This repository contains a sample project using CML with Docker Machine to launch an AWS EC2 instance and then run a neural style transfer on that instance. On a pull request, the following actions will occur:
- GitHub will deploy a runner with a custom CML Docker image
- Docker Machine will provision an EC2 instance and pass the neural style transfer workflow to it. DVC is used to version the workflow and dependencies.
- Neural style transfer will be executed on the EC2 instance
- CML will report results of the style transfer as a comment in the pull request.
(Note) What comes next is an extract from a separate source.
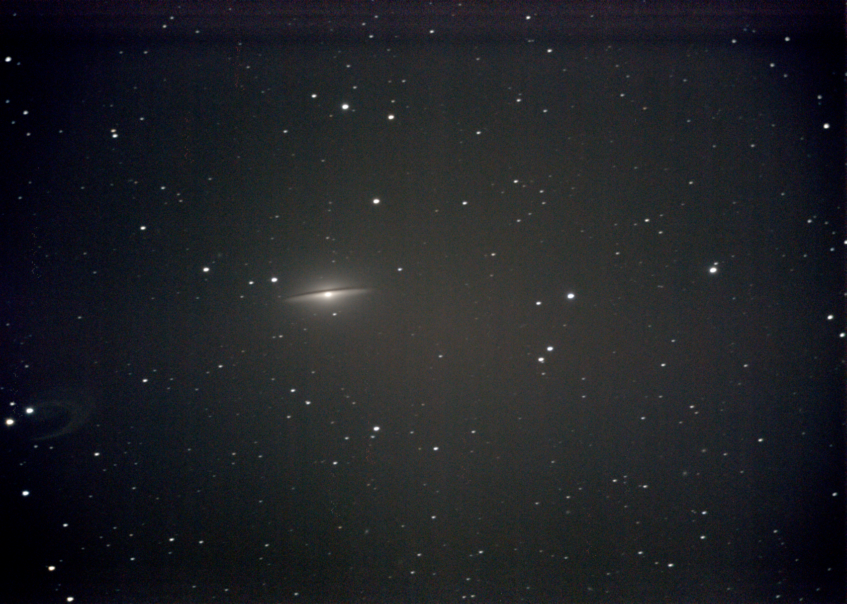 Das Bild entspricht fast dem visuellen Eindruck am Teleskop. Der Staubstreifen entlang der Scheibe war deutlich zu erkennen. M104 scheint keinem bestimmten Galaxienhaufen zugeordnet werden zu können. Das Spektrum im Zentrum zeigt Linien von schwach ionisiertem Gas. Galaxien mit dieser Eigenschaft nennt man auch LINER-Galaxien. Es wird vermutet, dass das sich im Zentrum befindliche Schwarzes Loch für die Strahlung verantwortlich ist.

The key file enabling these actions is .github/workflows/cml.yaml
.
This example uses AWS EC2 instances. The workflow is compatible with Azure compute as well. However, you will need to modify the deploy
job in .github/workflows/cml.yaml
for GCP Compute Engine:
deploy-gce-gpu:
runs-on: [ubuntu-latest]
container: docker://dvcorg/cml-cloud-runner
steps:
- name: deploy
shell: bash
env:
repo_token: ${{ secrets.REPO_TOKEN }}
GOOGLE_APPLICATION_CREDENTIALS_DATA: ${{ secrets.GOOGLE_APPLICATION_CREDENTIALS_DATA }}
run: |
echo "Deploying..."
echo '${{ secrets.GOOGLE_APPLICATION_CREDENTIALS_DATA }}' > gce-credentials.json
export GOOGLE_APPLICATION_CREDENTIALS='gce-credentials.json'
RUNNER_LABELS="gce"
RUNNER_REPO="https://github.com/${GITHUB_REPOSITORY}"
MACHINE="cml$(date +%s)"
docker-machine create --driver google \
--google-machine-type "n1-standard-4" \
--google-project "cml-project-279709" \
--google-machine-image "https://www.googleapis.com/compute/v1/projects/ubuntu-os-cloud/global/images/family/ubuntu-1804-lts" \
--google-accelerator-type "nvidia-tesla-p100" \
--google-accelerator-count 1 \
$MACHINE
eval "$(docker-machine env --shell sh $MACHINE)"
(
docker-machine ssh $MACHINE "sudo mkdir -p /docker_machine && sudo chmod 777 /docker_machine" && \
docker-machine scp -r -q ~/.docker/machine/ $MACHINE:/docker_machine && \
docker-machine scp -q gce-credentials.json $MACHINE:/docker_machine/gce-credentials.json && \
docker-machine ssh $MACHINE "sudo apt update && sudo apt install -y ubuntu-drivers-common && sudo ubuntu-drivers autoinstall" && \
docker-machine ssh $MACHINE "curl -s -L https://nvidia.github.io/nvidia-docker/gpgkey | sudo apt-key add - && curl -s -L https://nvidia.github.io/nvidia-docker/ubuntu18.04/nvidia-docker.list | sudo tee /etc/apt/sources.list.d/nvidia-docker.list && sudo apt update && sudo apt install -y nvidia-container-toolkit && \
docker-machine restart $MACHINE && \
eval "$(docker-machine env --shell sh $MACHINE)" && \
docker run --name runner --gpus all -d \
-v /docker_machine/gce-credentials.json:/gce-credentials.json \
-e GOOGLE_APPLICATION_CREDENTIALS='/gce-credentials.json' \
-v /docker_machine/machine:/root/.docker/machine \
-e DOCKER_MACHINE=$MACHINE \
-e repo_token=$repo_token \
-e RUNNER_LABELS=$RUNNER_LABELS \
-e RUNNER_REPO=$RUNNER_REPO \
-e RUNNER_IDLE_TIMEOUT=120 \
docker://dvcorg/cml-gpu-py3-cloud-runner && \
sleep 20 && echo "Deployed $MACHINE"
) || (docker-machine rm -f $MACHINE && exit 1)